Hold Me In The Palm Of Your Mind

The lunar eclipse begins
while you are driving.

I am always in the passenger
seat & do not mind it as a fact

though it concerns me
as a metaphor. How to be

sick & ambitious is a question
I can ask but not yet answer.

The people I hope will heal me
make my diagnosis feel

like a sign that spells
C-A-S-H G-R-A-B in neon

letters. They are as licensed
as the ones whose help is tender

& necessary as light
but harder to find than blue sky

in a west coast winter. The doctor
says it’s not my memory

that keeps me from getting
everything I need at the store.

Rather, that I am inattentive.
As though I should hold all

things in my consciousness.
Avocados always in the palm

of my mind. Distraction
a luxury of the able. The end

of May & already forest fire
haze drops like a veil

over the mountains white
settlers re-named after birds

& trees & men. My own
ability to forget what I am

capable of astonishes me.
I remind myself I can survive

the bike ride one neighbourhood
east & back home.

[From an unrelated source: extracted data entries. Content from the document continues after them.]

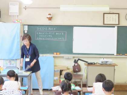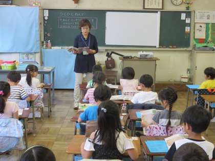 学校公開の1時間目、1年生の教室では、図工の学習が行われていました。新しい粘土セットを机の上に出して、どんなお勉強をするか、1年生は、興味津々の面持ちで先生のお話を聞いていました。
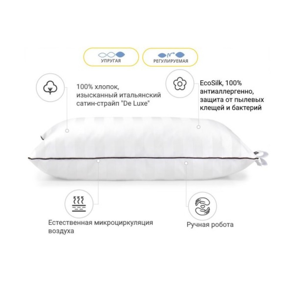 Подушка MirSon антиаллергенна Royal Eco-Soft Hand Made 500 висока 60х60 см (2200000625489)
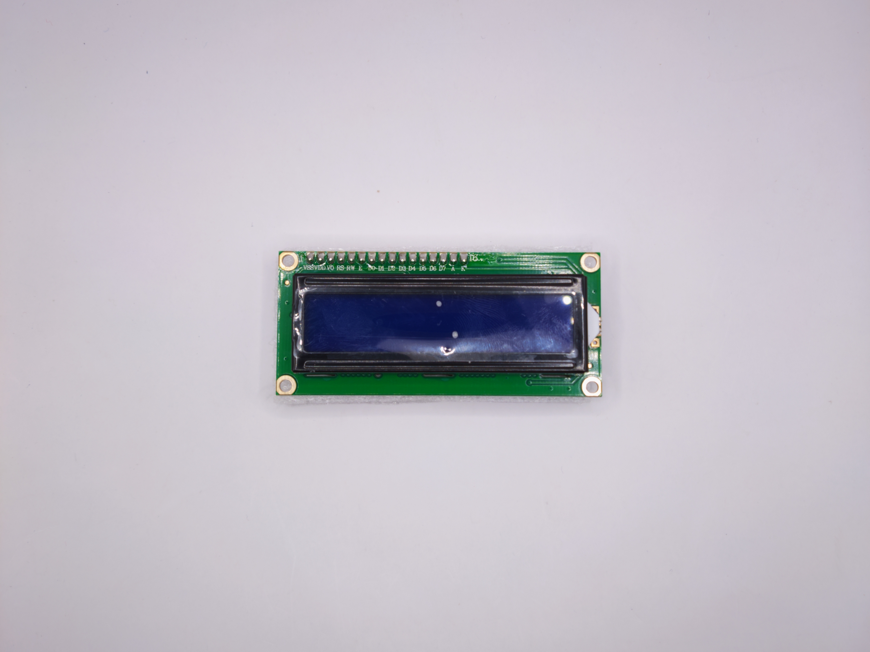 4. Conecta el VD (contraste) de la pantalla al lado negativo de la protoboard.
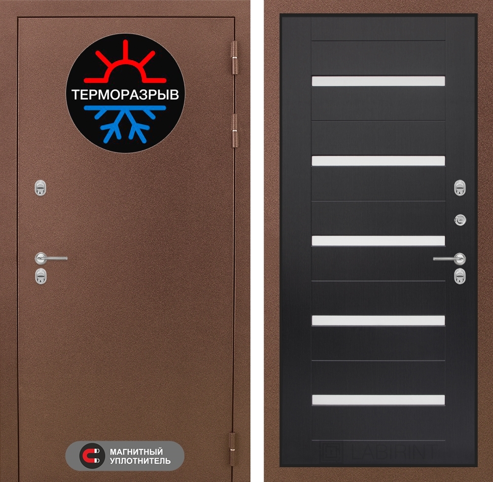 Входная стальная дверь Лабиринт Термо Магнит 01 - Венге, стекло белое
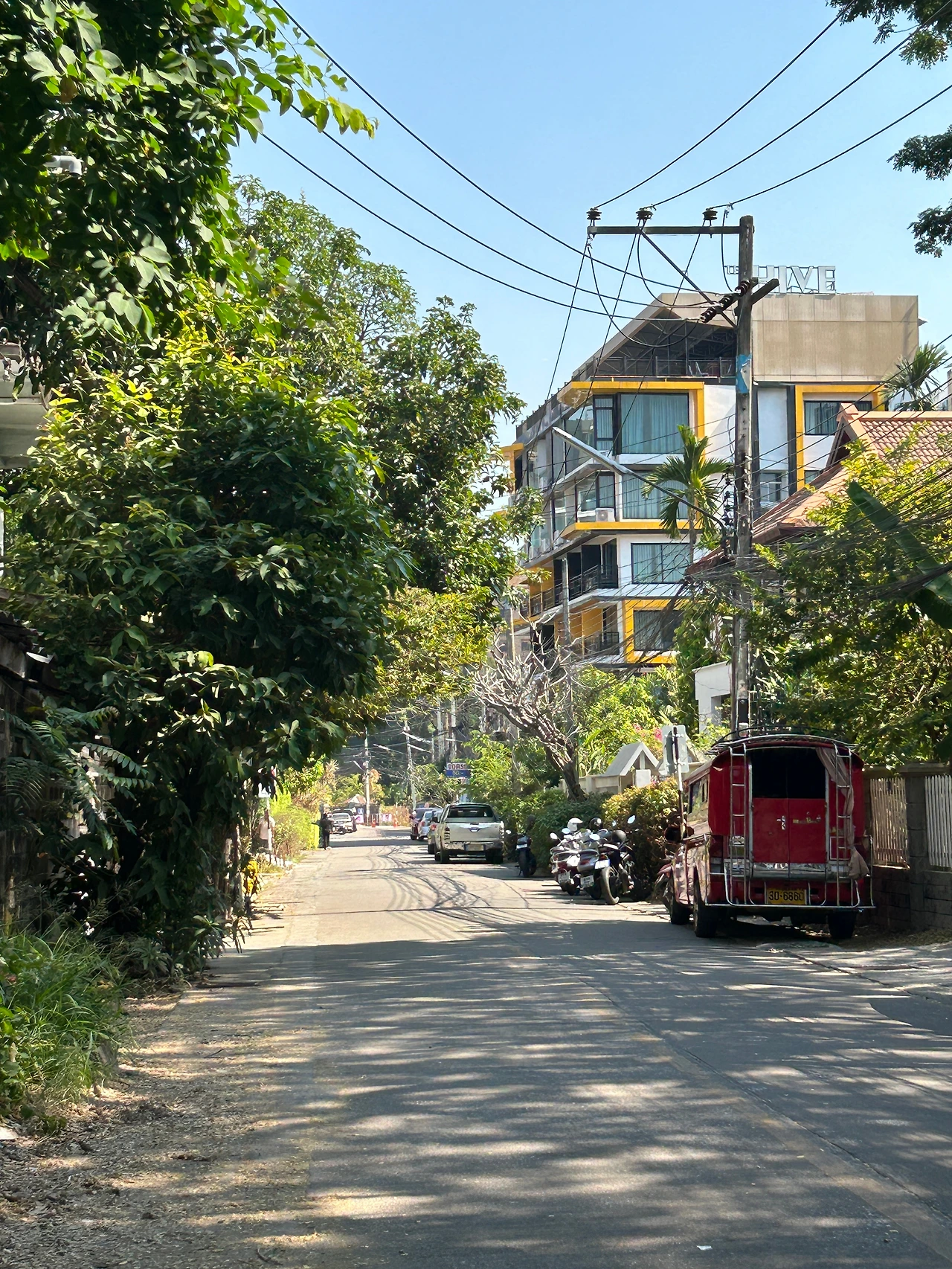 방콕은 서울에 버금가는 대도시지만, 치앙마이는 그로부터 멀리 떨어진 아담한 산간도시인지라 ‘동남아’ 하면 흔히 떠오르는 택시와 오토바이가 꽉꽉 메운 거리도, 그로 인한 소음이나 공해도 없다. 아침을 맞아 문밖으로 나서면, 맞이하는 것은 다정한 여름의 햇살. 그 속에서 마음껏 자신의 색을 뽐내는 풍경들을 마주하며 걸어가면, 절로 마음이 편안해진다.
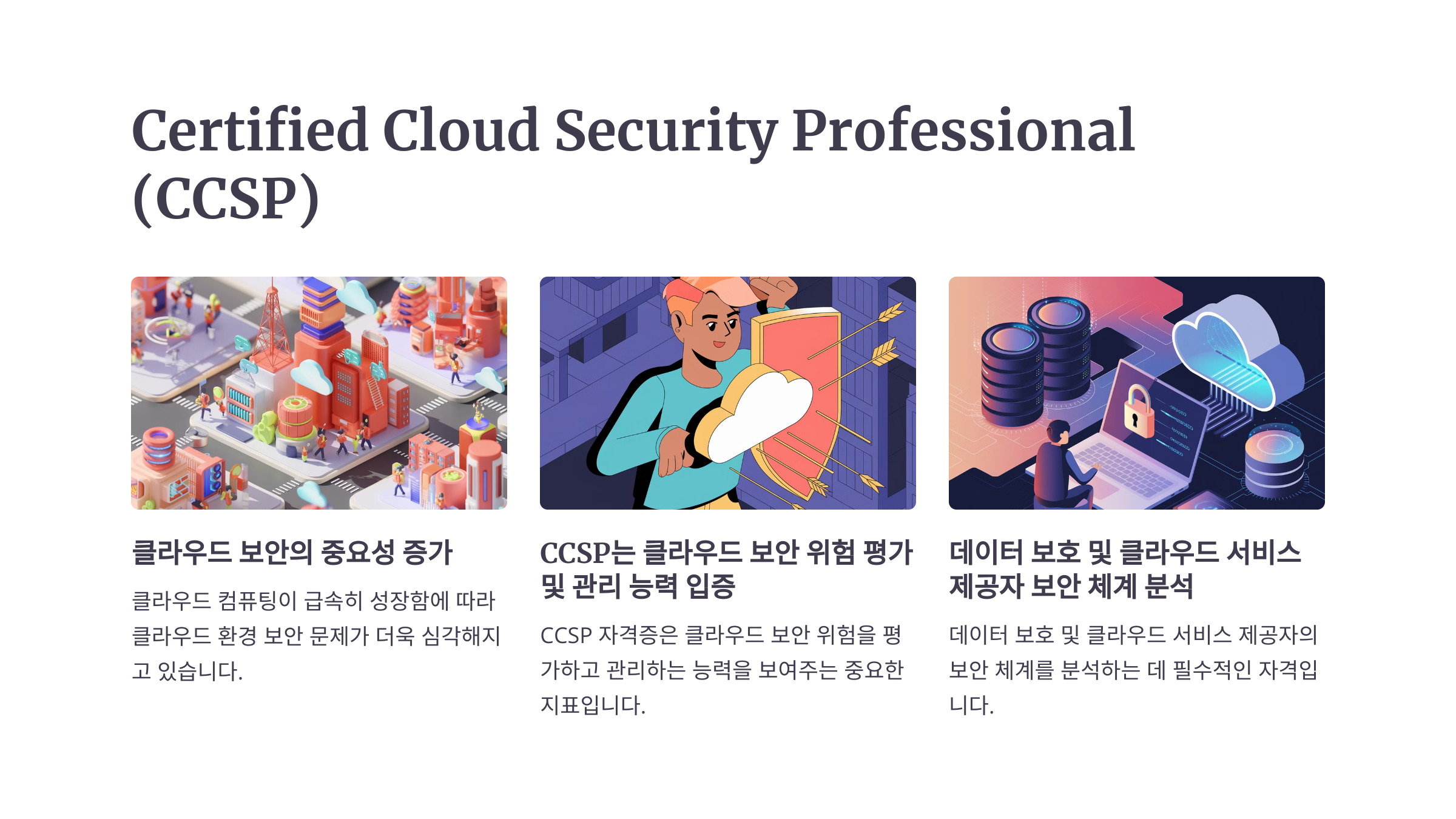 클라우드 컴퓨팅이 급속히 성장함에 따라, 클라우드 환경에서의 보안 문제도 큰 이슈로 떠오르고 있어요. **Certified Cloud Security Professional(CCSP)**는 클라우드 환경에서의 보안 위험을 평가하고 이를 관리하는 능력을 입증하는 자격증으로, 클라우드 보안 전문가로 성장하고자 하는 이들에게 매우 유망한 자격증이에요. 특히, 클라우드 환경에서 데이터를 보호하고 클라우드 서비스 제공자의 보안 체계를 분석하는 능력이 요구됩니다.

What does this

verb mean, to survive?
A question I keep asking

with my life.


Emily Stewart on “Hold Me In The Palm Of Your Mind”

“Hold Me In The Palm Of Your Mind” is at once conversational and deeply introspective. It captures attention immediately by sharing reactions to fact and to metaphor, then holds it with clever enjambment and the use of everyday tasks and observations to question mental health, disability, and survival.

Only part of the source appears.